After 40 years with NPS, Wahler retires from Albright Training Center

After serving in a variety of roles over two stints at Grand Canyon National Park, Chuck Wahler will retire from Albright Training Center Dec. 31.

Photo/NPS

After serving in a variety of roles over two stints at Grand Canyon National Park, Chuck Wahler will retire from Albright Training Center Dec. 31.

GRAND CANYON, Ariz. — It’s been a long four decades, but Chuck Wahler is ready to bid farewell to the National Park Service.

For awhile, anyway.

During his forty-year career with the National Park Service (NPS), Wahler has called the Grand Canyon home twice. He began working at the park in May 1977 as an intern for the interpretation department. He left the following year, taking positions as assistant chief and chief of interpretation at parks in Missouri, New Jersey and Wyoming.
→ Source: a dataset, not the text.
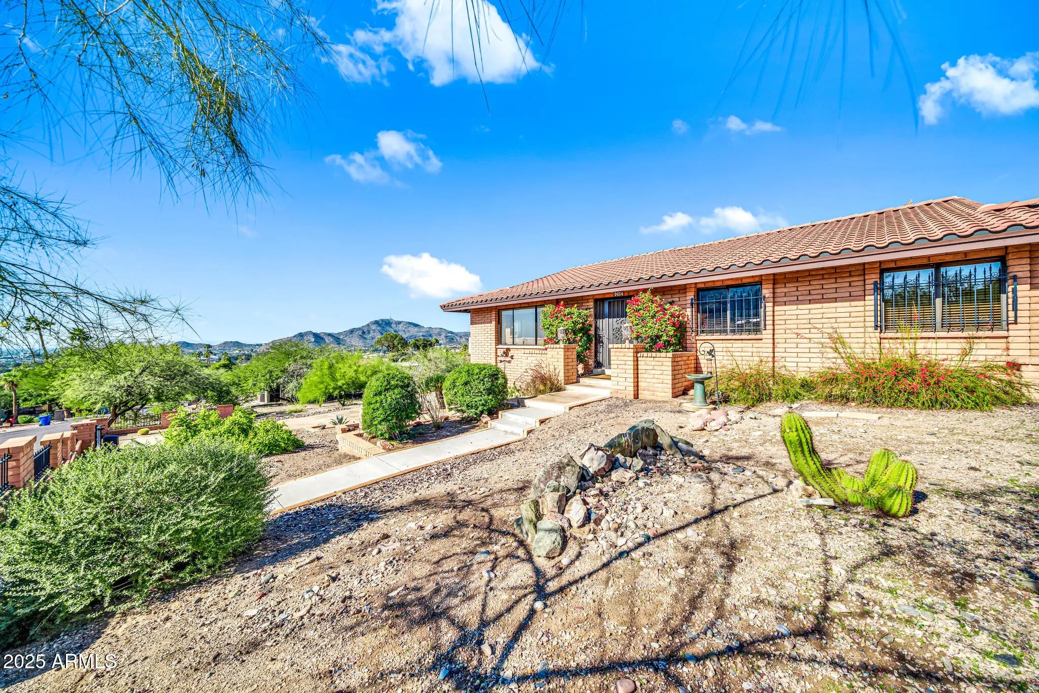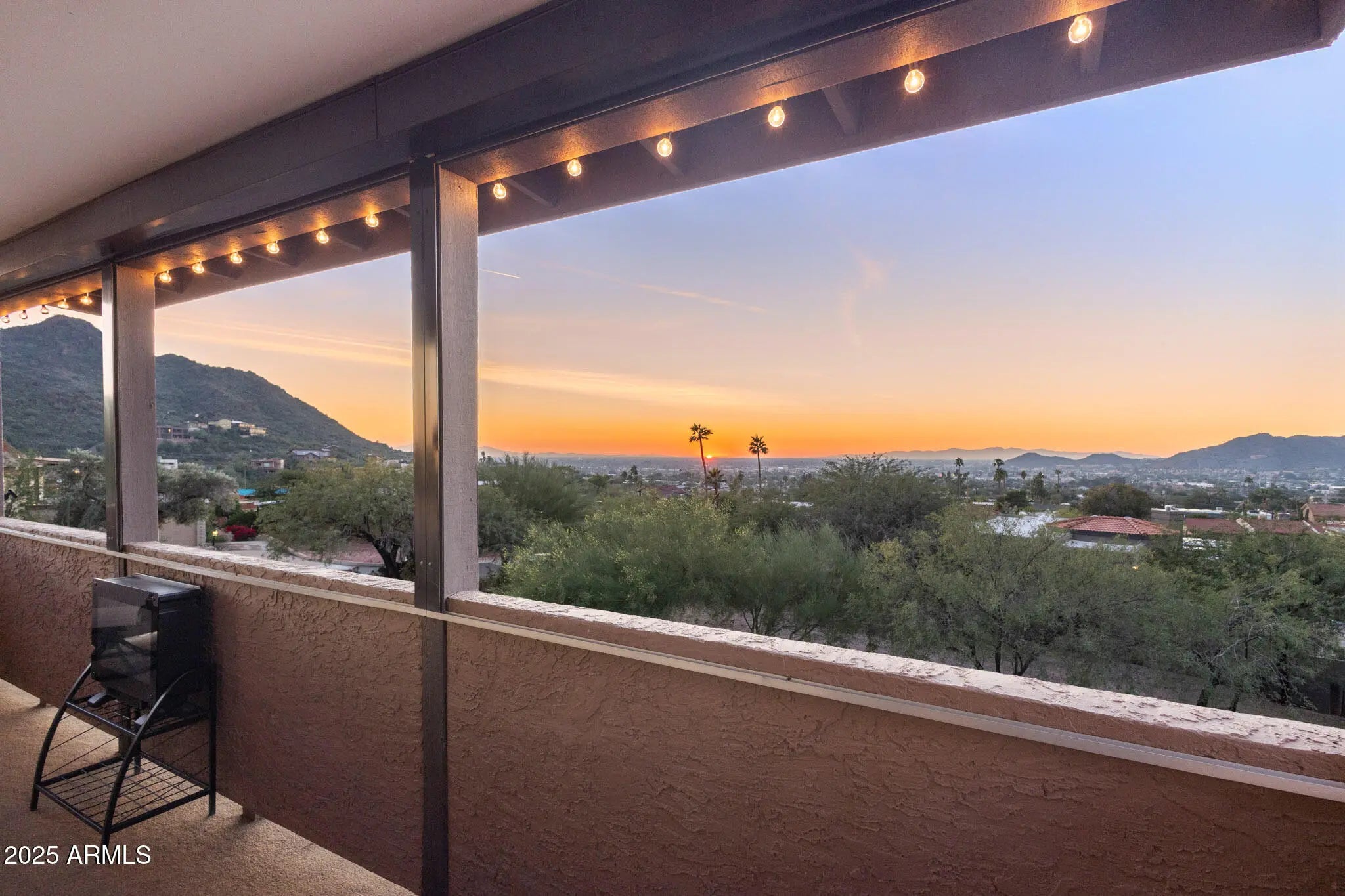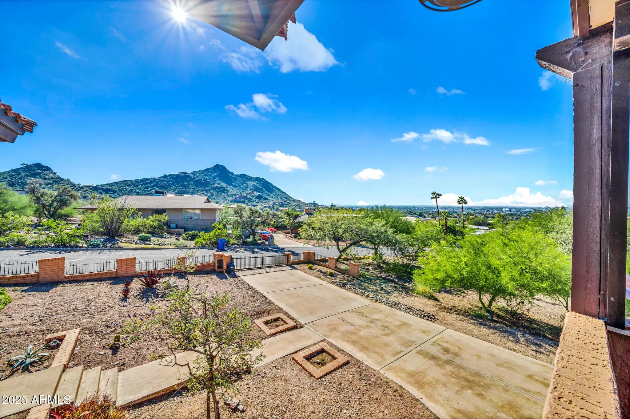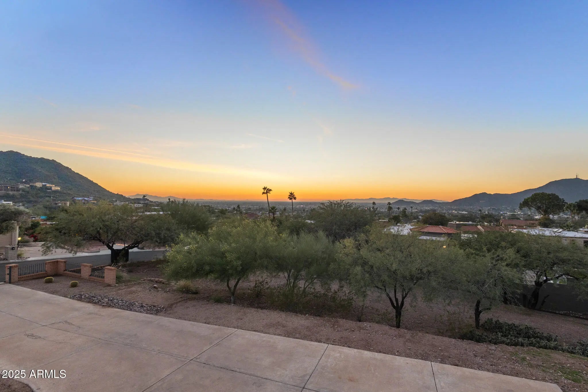 Spectacular panoramic mountain and city light views surround this custom hillside home in a quiet North Phoenix enclave with no HOA. Sitting on an oversized and elevated lot with mature desert landscaping, this property offers rare privacy and unobstructed scenery in every direction. The elevated setting creates a quiet, park-like setting never to be obstructed as the land below is yours as well. The kitchen is the true centerpiece of the home. The picture window spans the entire wall and creates a one-of-a-kind cooking and dining experience with uninterrupted city views. The layout offers extensive counter space, abundant cabinetry, and a wide island that functions as both a workspace and a gathering place. The custom quartz adds depth and character with rich veining and warm tones that complement the wood cabinetry. The kitchen flows into both the dining area and the living room, making it ideal for everyday use and for entertaining. Large windows capture the dramatic views from the living room, filling the home with natural light. The luxurious primary bedroom is connected to a private bath, a large walk-in closet, and direct access to an outdoor space that overlooks the surrounding mountains. The en-suite bathroom includes upscale elements like dual vanities, bidet, and a custom dual shower. The private patio provides a personal outdoor space directly connected to the bedroom thru sliding glass doors that span the entire wall, ideal for morning yoga or evening relaxation. The garage has a level 2 EV charger and a storage area with enough space to be used as a workshop. This is an exceptional opportunity to own a true view property with timeless character. Perfect for a buyer seeking privacy and some of the best mountain scenery in North Phoenix. Just minutes from hiking trails, dining, and freeway access. 2015 roof replacement 2017 AC replacement

In 1990, Wahler returned to the Grand Canyon as deputy chief of interpretation. He also conducted VIP tours of the park for visitors like former president Gerald Ford and journalist Walter Cronkite. In his many roles for the NPS, Wahler served as federal mediator and facilitator with the CORE PLUS program, as well as a structural firefighter and officer. He joined the Albright Training Center staff in 2010, serving as training instructor primarily for the Fundamentals program, which provides orientation training to new, permanent NPS employees who have been with the organization for less than two years.

According to his coworkers, Wahler’s wealth of knowledge about the National Park Service, along with his sense of humor, made him an exceptional trainer. Sharon Cawley, a fellow trainer who has worked with Wahler for the last five years, said he will be sorely missed.

“Chuck always said his job was to ‘plant seedlings’ and make a difference to the organization he cared so deeply about,” Cawley said. “He has done just that.”

The Grand Canyon has changed a lot over the course of his career, something Wahler notices each time he travels around the park. The increase in visitors and the infrastructure created and modified to support them has been incredible, he said.

“When I started here, visitation was around two million per year,” wahler said. “When I came back, it was approaching four million, and now it’s up to six million.”

The park has changed to accommodate the growing crowds, he explained, from the new Visitor’s Center near Mather Point to new roads being built for an ever-increasing number of tour busses, passenger vans and vehicles of every shape and size.

Even though Wahler will no longer be working full-time at Albright Training Center, he won’t be leaving the area. He and his wife, Sally, who recently retired from Xanterra human resources, have been active members of the Grand Canyon community and plan to remain so. Both of their children are alumni of the Grand Canyon School District and Wahler himself served on the school board for 18 years.

The allure of the national parks is seemingly hereditary — Wahler’s son, Jacob, is currently a park ranger for Shenandoah National Park in Virginia. His daughter, Erin, is an elementary teacher in Colorado, but also once served as a seasonal park ranger at Grand Canyon.

Wahler and his wife plan to enjoy retired life in Flagstaff after his last official day Dec. 31. They have a passion for international travel and plan on continuing. The couple recently returned from a trip to the Amalfi Coast in Italy. His longtime dedication to the Grand Canyon and NPS is still a part of Wahler’s life — he will continue in his role as a mediator at Albright on a part-time basis. He also plans to work with the Rhodes Scholar program at Northern Arizona University.

The Albright Training Center will celebrate Wahler’s retirement Dec. 12 from 11 a.m. to 1 p.m. and 4:30 to 5:30 p.m. Karracker Lounge in Building D. Refreshments will be served.